Research to determine the health outcomes of a population based on the access they have to health services must incorporate a way of attributing outcomes to a particular location or area (often hospital). This area is usually described as the hospital catchment; however, the best definition of hospital catchment is debated in the health services literature. Methods involving relatively easy calculation such as a fixed radius around each hospital do not take into account geographic or political boundaries which may present barriers to obtaining care. Other methods involving geographic information systems (GIS) calculated surface travel time, although accurate, are computationally and time intensive.
Another method involves analysing hospital discharge data to determine where people from a given area (often defined in terms of postal code) choose to obtain their care. This technique requires the analysis of large amounts of data, but this data is readily available from existing databases. Additionally, because a patients choice of hospital will usually incorporate the limitations imposed by geopolitical boundaries, this method incorporates the advantages of the GIS method mentioned above, while still being relatively straightforward computationally. For the purposes of rural hospital services research there are two main limitations to this method: First, it does not allow identification of the few areas of the country that are very remote where patients must travel long distances to obtain care at the closest hospital. Secondly, because hospital discharges are analysed, if the service being examined is not offered at a particular hospital, then the hospital will not have a catchment area for that service.

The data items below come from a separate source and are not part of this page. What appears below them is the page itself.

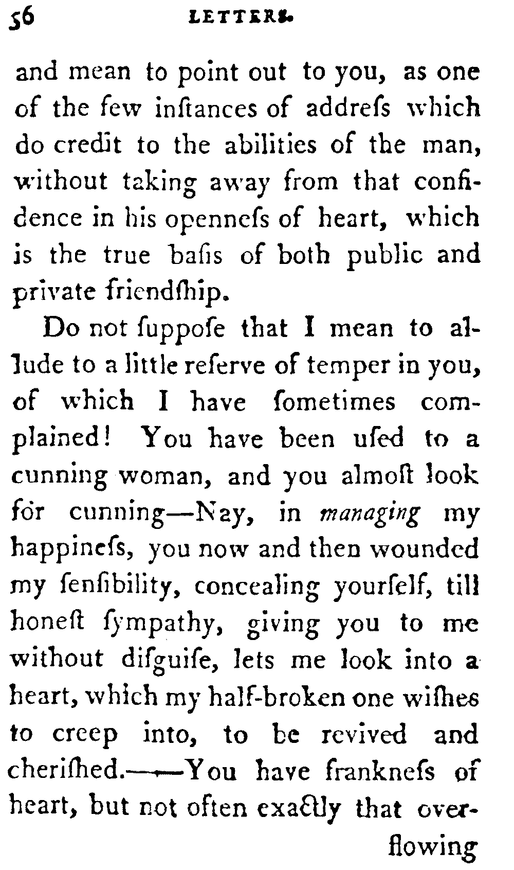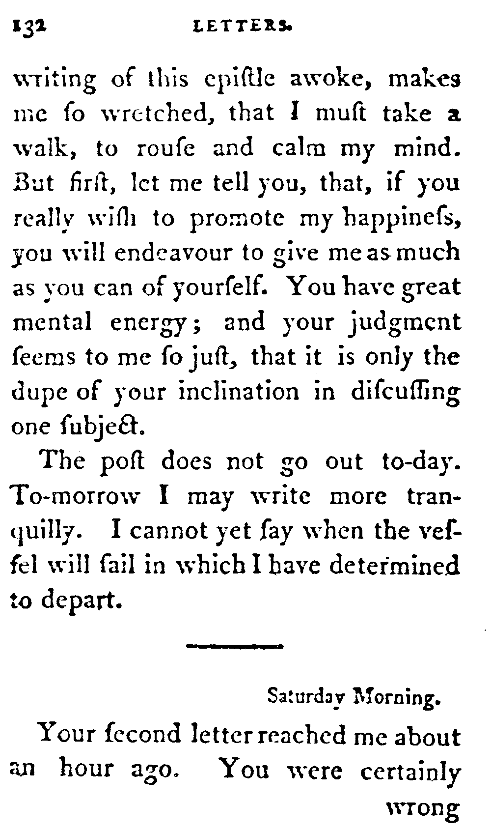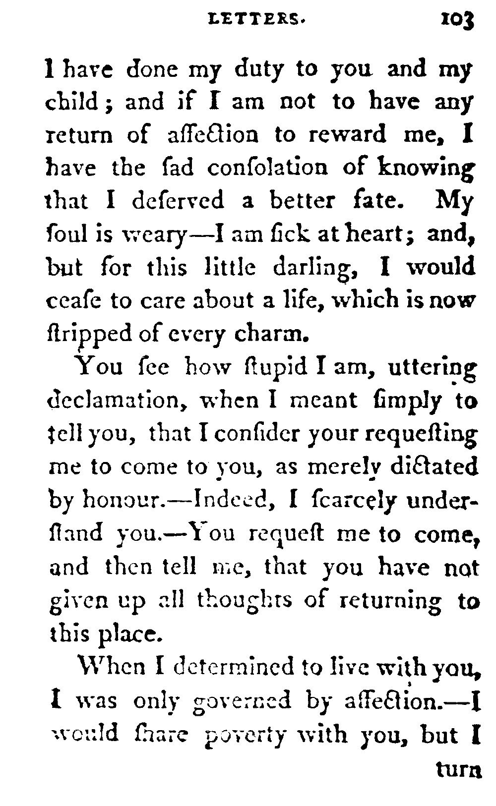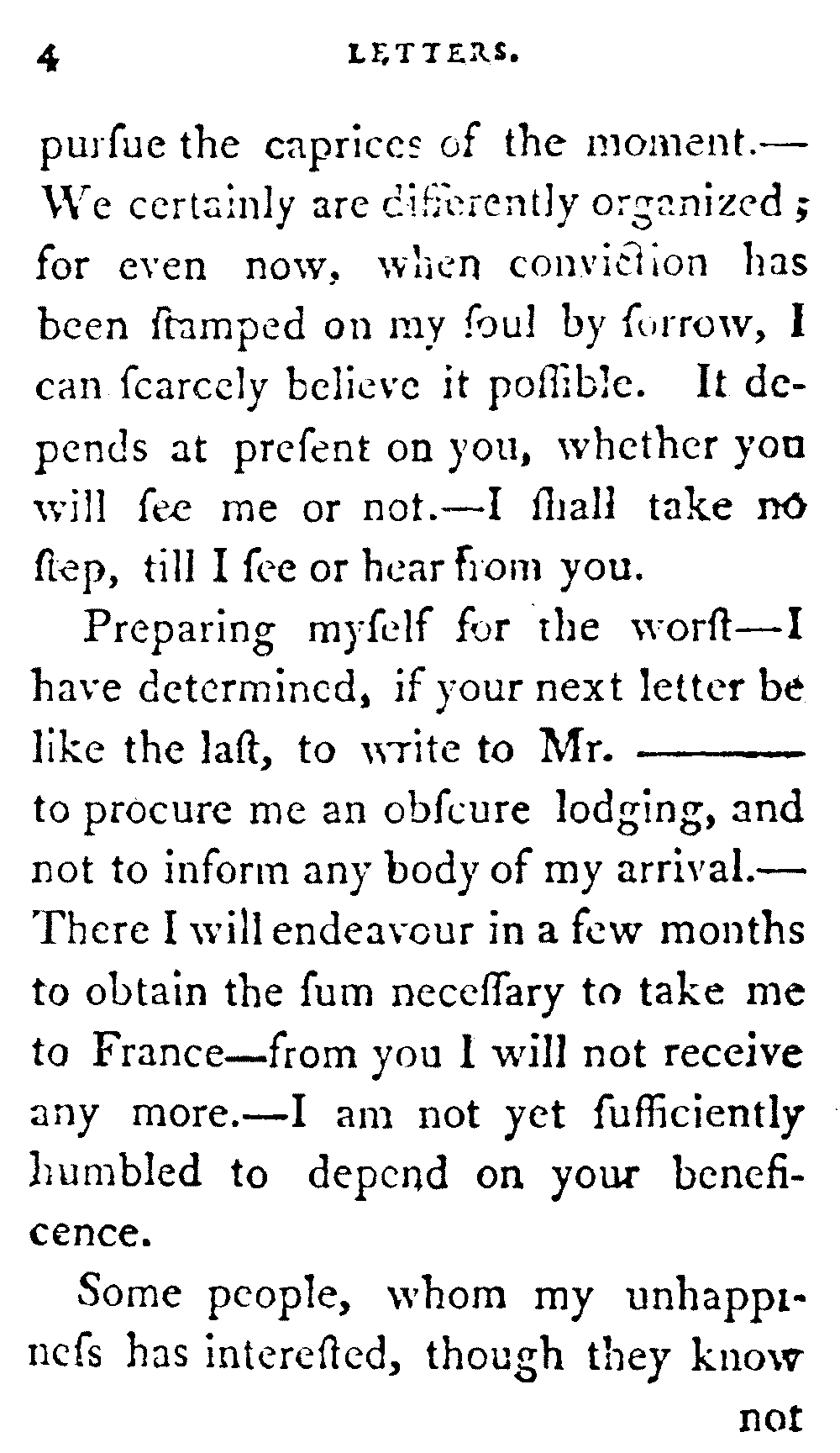 Feebly did I afterwards combat an[142] affection, which ſeemed twiſted in every fibre of my heart. The world ſtood ſtill when I thought of him; it moved heavily at beſt, with one whoſe very conſtitution ſeemed to mark her out for miſery. But I will not dwell on the paſſion I too fondly nurſed. One only refuge had I on earth; I could not reſolutely deſolate the ſcene my fancy flew to, when worldly cares, when a knowledge of mankind, which my circumſtances forced on me, rendered every other inſipid. I was afraid of the unmarked vacuity of common life; yet, though I ſupinely indulged myſelf in fairy-land, when I ought to have been more actively employed, virtue was ſtill the firſt mover of my actions; ſhe dreſſed my love in ſuch enchanting colours, and ſpread the net I could never break. Our correſponding feelings confounded[143] our very ſouls; and in many converſations we almoſt intuitively diſcerned each other's ſentiments; the heart opened itſelf, not chilled by reſerve, nor afraid of miſconſtruction. But, if virtue inſpired love, love gave new energy to virtue, and abſorbed every ſelfiſh paſſion. Never did even a wiſh eſcape me, that my lover ſhould not fulfil the hard duties which fate had impoſed on him. I only diſſembled with him in one particular; I endeavoured to ſoften his wife's too conſpicuous follies, and extenuated her failings in an indirect manner. To this I was prompted by a loftineſs of ſpirit; I ſhould have broken the band of life, had I ceaſed to reſpect myſelf. But I will haſten to an important change in my circumſtances.
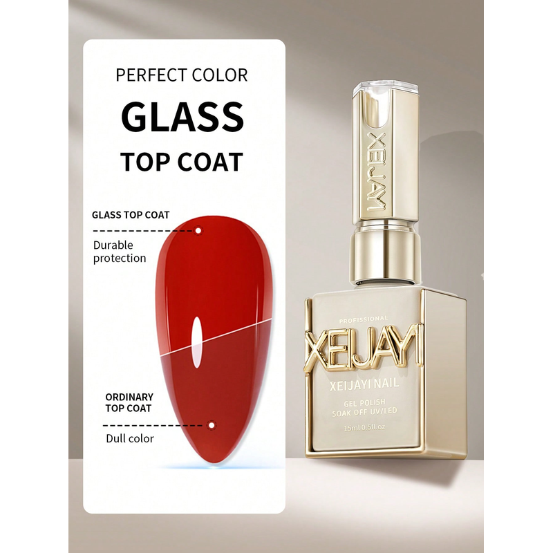 15ml Glass Top Coat Long Lasting Clear Rubber Top Coat LED UV Strengthen Nails High Gloss Top Finish Gel Nail Polish
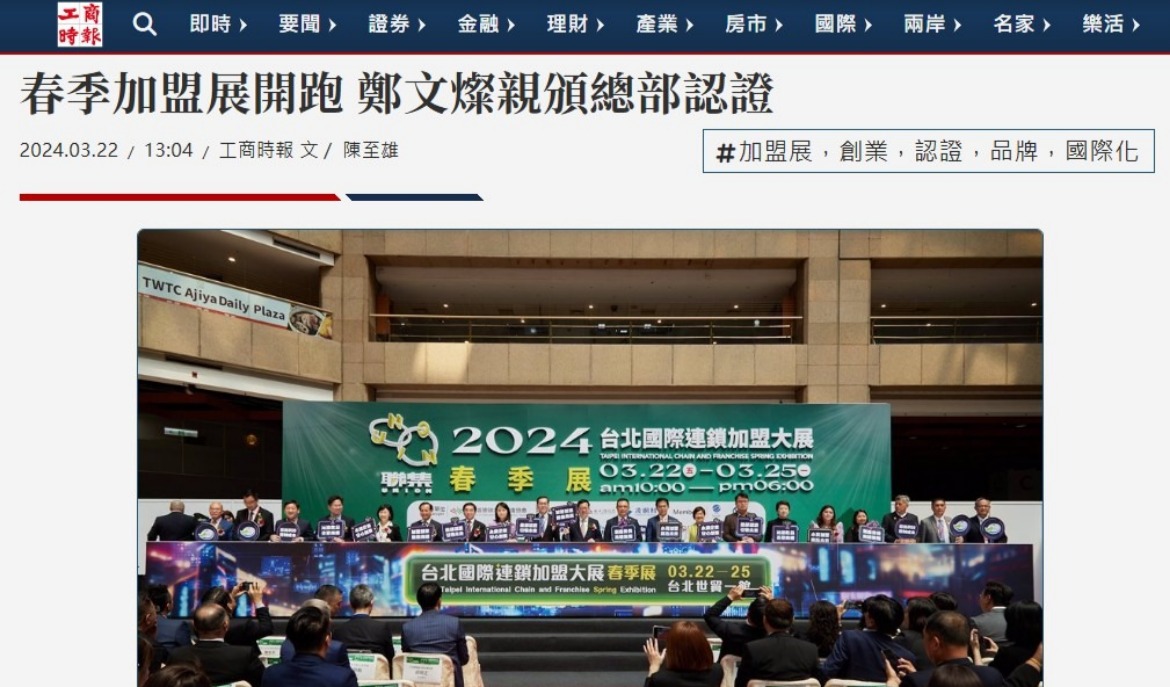 【2024台北春季加盟展開跑,鄭文燦親頒總部認證「連鎖商業領航者」】
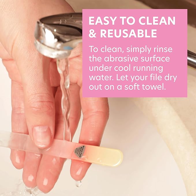 - Durable, Long-Lasting and Reusable Czech Glass Nail File: premium Czech ‘Bohemian’ glass, tempered (toughened) to ensure the glass is strong, wear-resistant & retains the integrity of the filing surface after multiple uses. The surface of an etched glass file lasts longer than non-etched nail files.
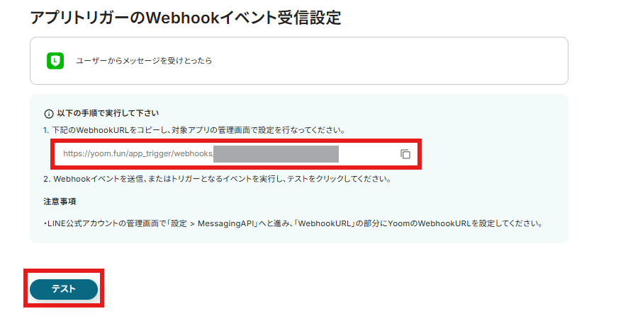 Webhookの設定画面が表示されるので、注意事項の通りにLINE公式アカウントで設定を行いましょう。
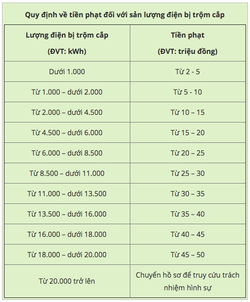 Tuy nhiên, theo ông Lê Quang Đức, để giải quyết triệt để tình trạng trộm cắp điện, ngành Điện còn gặp nhiều khó khăn. Trong đó, nguyên nhân từ việc truy thu sản lượng điện bị mất trộm và xử phạt bằng tiền hiện nay (thấp nhất 2 triệu đồng, cao nhất 50 triệu đồng) chưa đủ sức răn đe. Riêng hành vi trộm cắp trên 20.000 kWh có thể bị xử lý hình sự, nhưng việc thực hiện giám định tư pháp, xác định thời gian, số lượng điện năng bị mất còn nhiều vướng mắc. “Nên chăng, cần áp dụng thêm các hình thức phạt bổ sung như, gửi tên người vi phạm về chính quyền địa phương hoặc thông báo trên các phương tiện thông tin đại chúng, trên loa truyền thanh của xã phường”, ông Đức chia sẻ.

We are interested in determining the health outcomes for patients stratified by the degree of access to services they have at their local hospital, including hospitals that dont have routine access to the service in question. Thus, we must find a time and resource efficient way to analyse extremely large datasets in order to categorize patients by the level of service available at their home hospital.
In this project, we will use previously gathered hospital administrative data to determine catchment areas based on the methods described above. We will then compare the degree to which these definitions agree with one another and determine the method with the best combination of efficiency and effectiveness for the purposes of larger studies we are proposing for the future.